A graph is well formed if and only if nodeA in NodeB.users <=> nodeB in Node.A.all_input_nodes

参数

graph
(Graph) –

graph being checked

返回

bool –

True if the graph is well formed, False otherwise

源代码位于 llmcompressor/pipelines/sequential/helpers.py

def graph_is_well_formed(graph: Graph) -> bool:
    """
    A graph is well formed if and only if
    `nodeA in NodeB.users <=> nodeB in Node.A.all_input_nodes`

    :param graph: graph being checked
    :return: True if the graph is well formed, False otherwise
    """
    for node in graph.nodes:
        for user in node.users:
            if node not in user.all_input_nodes:
                return False

        for input_node in node.all_input_nodes:
            if node not in input_node.users:
                return False

        if len(node.users) != len(set(node.users)) or len(node.all_input_nodes) != len(
            set(node.all_input_nodes)
        ):
            return False

    return True

match_modules

match_modules(
    model: Module, target_names: List[str]
) -> Set[Module]

Find modules whose names match the patterns given by target_names

参数

model
(Module) –

model containing submodules to find
target_names
(List[str]) –

target patterns to find

返回

Set[Module] –

all submodules matching target_names

源代码位于 llmcompressor/pipelines/sequential/helpers.py

def match_modules(model: Module, target_names: List[str]) -> Set[Module]:
    """
    Find modules whose names match the patterns given by `target_names`

    :param model: model containing submodules to find
    :param target_names: target patterns to find
    :return: all submodules matching `target_names`
    """
    return set(
        module
        for name, module in model.named_modules()
        if match_targets(name, module, target_names)
    )

partition_graph

partition_graph(
    model: Module, partitions: List[List[Node]]
) -> List[Subgraph]

Convert each partition into a Subgraph. Each Subgraph returns a dictionary mapping of output node names to their computed values. Note that the consumed_names attribute of each Subgraph remains empty, to be later populated by trace_consumed_names

参数

model
(Module) –

model which owns the produced Subgraphs
partitions
(List[List[Node]]) –

list of partitions, where each partition is a list of nodes belonging to that partition

返回

List[Subgraph] –

list of subgraphs in order of execution

源代码位于 llmcompressor/pipelines/sequential/helpers.py

def partition_graph(model: Module, partitions: List[List[Node]]) -> List[Subgraph]:
    """
    Convert each partition into a Subgraph. Each Subgraph returns a dictionary mapping
    of output node names to their computed values. Note that the `consumed_names`
    attribute of each Subgraph remains empty, to be later populated by
    `trace_consumed_names`

    :param model: model which owns the produced Subgraphs
    :param partitions: list of partitions, where each partition is a list of nodes
        belonging to that partition
    :return: list of subgraphs in order of execution
    """
    subgraphs = []

    # create subgraphs
    for partition_nodes in partitions:
        # create a new graph for the partition
        graph = Graph(model)
        node_map = {}

        # add placeholders for inputs not in this subgraph. use set to deduplicate
        new_input_nodes = {
            input_node
            for node in partition_nodes
            for input_node in node.all_input_nodes
            if input_node not in partition_nodes and input_node.op
        }
        for input_node in new_input_nodes:
            node_map[input_node] = graph.placeholder(input_node.name)

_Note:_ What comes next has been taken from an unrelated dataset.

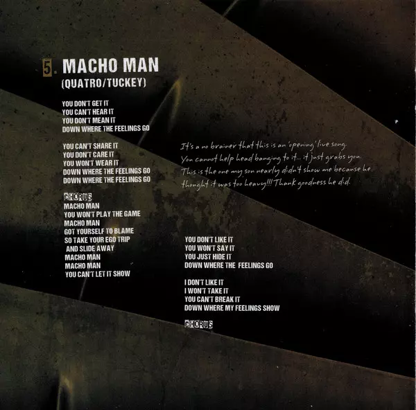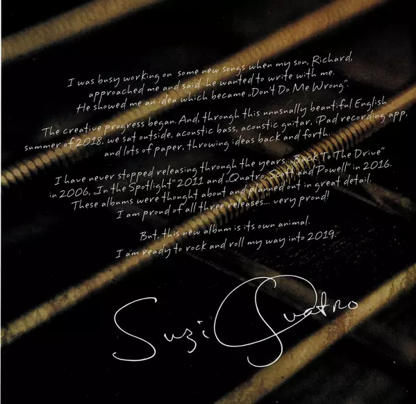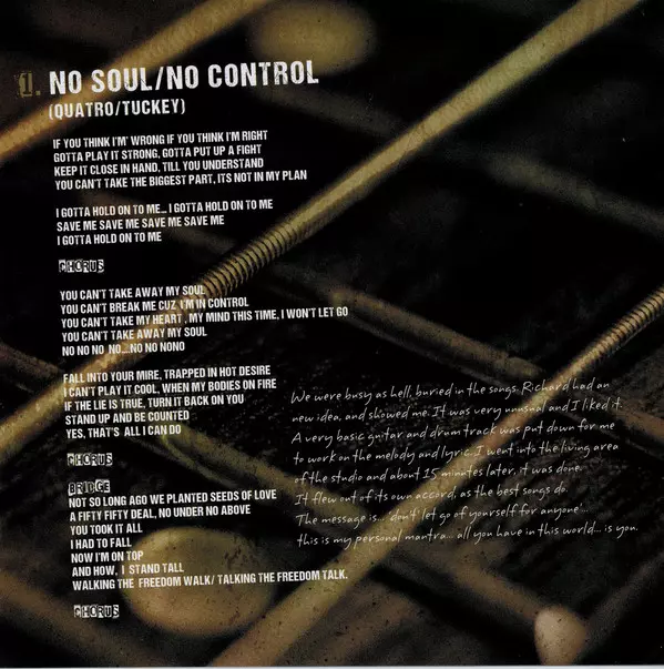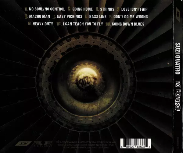Még a magas adrenalinszintű zenei szakmában is ritkán találni olyan kirobbanó energiát, mint a Suzi Quatro. Az amerikai 14 éves kora óta, több mint 50 éve van jelen a színpadon, rendszeresen robbantja nagy slágereit, mint a "Can The Can", "48 Crash", "Devil Gate Drive", "If You Can't Give Me Love", "She's In Love With You" és "Stumblin' In", amelyek a 70-es években ikonná tették, és továbbra is új dalokkal kápráztatja el rajongóit. Nem csoda, hogy nem gondolkodik a távozáson. "Addig nem vonulok vissza, amíg meg nem fordulok, meg nem rázom a seggem és nem leszek csendben" - magyarázza, jól tudva, hogy addig még sok idő telik el. Suzi Quatro Tizenegy új dalt (plusz két bónusz számot) vett fel a "No Control" című albumra. A legtöbb dalban Richard Tuckeyval, az első házasságából származó fiával dolgozott együtt. Suzi: "Ez volt az első kísérletünk arra, hogy közösen írjunk és vegyünk fel valamit. A kreatív fejlődés a Don't Do Me Wrong című dallal kezdődött. A gyönyörű 2018-as angol nyáron kint ültünk egy akusztikus basszusgitárral, akusztikus gitárral, egy iPad-en lévő felvételi alkalmazással és rengeteg papírral, és ötleteket dobáltunk egymásnak." Méghozzá remek eredménnyel, ahogy az új albumon is hallható. Suzi számára egyébként nem csak zeneileg, hanem személyesen is. Például az első kislemezdalban, a "No Soul/No Control"-ban, amelynek üzenete: "Soha ne add fel másért". Suzi: "Ez az én személyes mantrám. A legértékesebb dolog, amid van a világon, az te magad vagy". A szám keletkezéséről így nyilatkozik: "Erősen foglalkoztak bennünket az aktuális dalok. Richardnak volt egy új ötlete, és megmutatta nekem. Egy elég egyszerű dal gitárral és dobokkal, elég szokatlan, de tetszett. Bementem a stúdióba, és 15 perc után megtaláltam a megfelelő dallamot és szöveget. A szám megírta magát, ahogy a legjobb dalok gyakran teszik." Hasonlóan az olyan számokkal, mint a "Macho Man" (Suzi: "Valószínűleg a tökéletes koncertnyitó. Csak rázod rá a sörényedet, azonnal magával ragad."), az "I Can Teach You Teach You To Fly" ("Határozottan egy visszautalás a hatvanas évekre"), az "Easy Pickings" ("Ezt a riffet örökké pengetem az akusztikus gitáromon, legalább tíz éve. Az album talán legszokatlanabb száma a "Strings", amely a stúdiófelvételek során egy kis remekművé fejlődött. Suzi: "A húrokról szól, amelyek összetartják az életünket. Nagyszerű riff! Mindenkit megőrjítettem azzal az őrült ötletemmel, hogy énekeljük el a refrént. Nem tudtam kiverni a fejemből, és - halleluja - az eredmény pontosan olyan lett, amilyennek elképzeltem". A "No Control" című dalból árad a büszkeség Suzi Quatro. Büszkeség és öröm egy öt évtizeden átívelő karrierben, amely mind a mai napig megőrzi egy amerikai rockikon kreativitását. Azt mondja: "Az évek során sosem hagytam abba az új lemezek készítését. "Back To The Drive" 2006-ban, "In The Spotlight" 2011-ben, "Quatro, Scott & Powell" 2016-ban. Ezeket a műveket gondosan megterveztem és a legapróbb részletekig átgondoltam. Mindháromra büszke vagyok, sőt, nagyon büszke. De az új albumom, a 'No Control' valami egészen más."

        # add the nodes to subgraph
        for node in partition_nodes:
            node_map[node] = graph.node_copy(node, lambda n: node_map[n])

        # add an output node to collect all subgraph outputs into a dictionary
        if len(graph.find_nodes(op="output")) <= 0:
            output_dict = {
                node.name: node_map[node]
                for node in partition_nodes
                if any(user not in partition_nodes for user in node.users.keys())
            }
            graph.output(output_dict)

        # save the subgraph for this partition
        graph.lint()
        input_names = set(node.name for node in graph.nodes if node.op == "placeholder")
        subgraphs.append(
            Subgraph(
                graph=graph,
                input_names=input_names,
                consumed_names=set(),  # populated later
            )
        )

        assert graph_is_well_formed(graph)

    return subgraphs

populate_concrete_args

populate_concrete_args(
    model: Module, sample_input: Dict
) -> Dict

Creates concrete args which, unlike the equivalent function provided by transformers.utils.fx, creates default values for variadic arguments, which are needed by some models.

参数

model
(Module) –

正在追踪的模型
sample_input
(Dict) –

values used to symbolically trace the model. All arguments to the model.forward function which are not in the sample_input are considered concrete args

返回

Dict –

dictionary mapping concrete argument names to their default values

源代码位于 llmcompressor/pipelines/sequential/helpers.py

def populate_concrete_args(model: Module, sample_input: Dict) -> Dict:
    """
    Creates concrete args which, unlike the equivalent function provided by
    transformers.utils.fx, creates default values for variadic arguments, which are
    needed by some models.

    :param model: model being traced
    :param sample_input: values used to symbolically trace the model. All arguments
        to the model.forward function which are not in the sample_input are considered
        concrete args
    :return: dictionary mapping concrete argument names to their default values
    """
    sig = inspect.signature(model.forward)

    concrete_args = {}
    for parameter in sig.parameters.values():
        if parameter.name in sample_input:
            continue
        if parameter.kind == inspect._ParameterKind.VAR_POSITIONAL:
            value = list()
        elif parameter.kind == inspect._ParameterKind.VAR_KEYWORD:
            value = dict()
        elif parameter.name == "use_cache":
            value = False
        else:
            value = parameter.default

        concrete_args[parameter.name] = value

    return concrete_args

topological_partition

topological_partition(
    graph: GraphModule, targets: Set[Module]
) -> List[List[Node]]

Partition the graph into partitions such that each target belongs to exactly one partition and executing each partition depends only on intermediate values produced by executing the partitions before it.

参数

graph
(GraphModule) –

graph being partitioned
targets
(Set[Module]) –

target modules which will be assigned to disjoint partitions

返回

List[List[Node]] –

list of partitions, where each partition is a list of nodes belonging to that partition

源代码位于 llmcompressor/pipelines/sequential/helpers.py

def topological_partition(graph: GraphModule, targets: Set[Module]) -> List[List[Node]]:
    """
    Partition the graph into partitions such that each `target` belongs to exactly one
    partition and executing each partition depends only on intermediate values produced
    by executing the partitions before it.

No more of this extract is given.